Another way to detect structural mistakes is if you have compound names, you can write scripts to retrieve structures from other databases. Then, you can compare them with what you have.

You can also perform cluster analysis to see which compounds or endpoints look suspicious. Also, make sure to manually inspect your modeling-ready dataset. I can assure you that during the modeling process, you will catch more mistakes here and there, based on your models’ predictions and uncertainty analysis. And you will find yourself in a loop between curation and modeling. Data curation is not a straightforward route, so you will go back and forth as needed for your project.

Summary of the Data Curation Steps

So, just to recap …

Before you dive into a project, perform an initial exploration of the dataset, and identify potential complications. Then, inspect the dataset and exclude odd or ambiguous entries. Next, perform analysis of intra- and inter-lab experimental variability.

Then, perform standard chemical processing steps such as structural cleaning, salt removal, functional group standardization, treatment of tautomeric forms, and removal of identical duplicates. You may need to address compounds with multiple measurements. Make sure to perform activity cliff analysis and verify them.
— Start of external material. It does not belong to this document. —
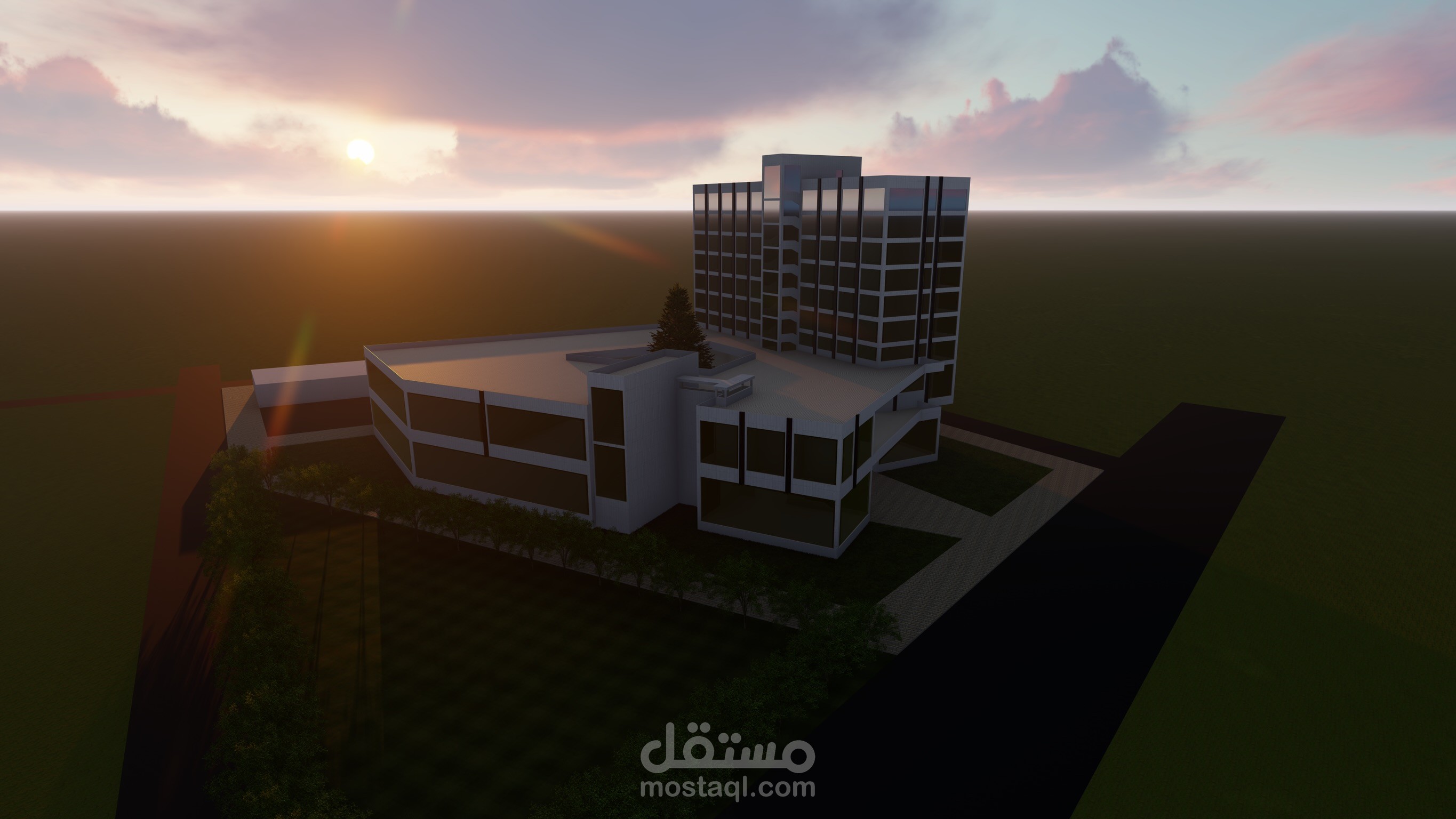 صممت هذا مشروع علا مبدا العمارة التفكيكية بحيث يرتكز مبنى للوظائف المكتبية فوق مبنا المول بمدخلين مختلفين

Last, perform mistake diagnosis and correction to fish out as many mistakes as you can out of the dataset.

Final Thoughts

You will find yourself still in the data curation process even when you are building models. Some of your models may have suspicious or odd predictions for certain compounds, so you will find yourself going back and checking them. Data curation is not really done until after you finalize the model and finish the entire project. So, expect to be revisiting that stage often.
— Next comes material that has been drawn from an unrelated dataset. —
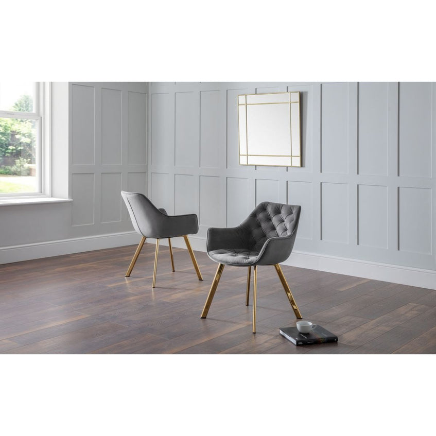 Available in rich blue or sophisticated grey velvet, the Lorenzo Chair allows you to choose the perfect shade to match your décor. -

There are a lot of creative and methodical approaches based on the project’s nature in detecting mistakes and curating data. I am sure many people feel differently about the data curation process. But I personally find it exciting and fun because who wouldn’t like playing detective in our work now and then!

Pheww … It got longer as I wrote on and on. But it’s all that I want to say in this post for now.

Hopefully, you find this post useful. Thank you so much for reading this post. As always, I welcome constructive feedback and suggestions.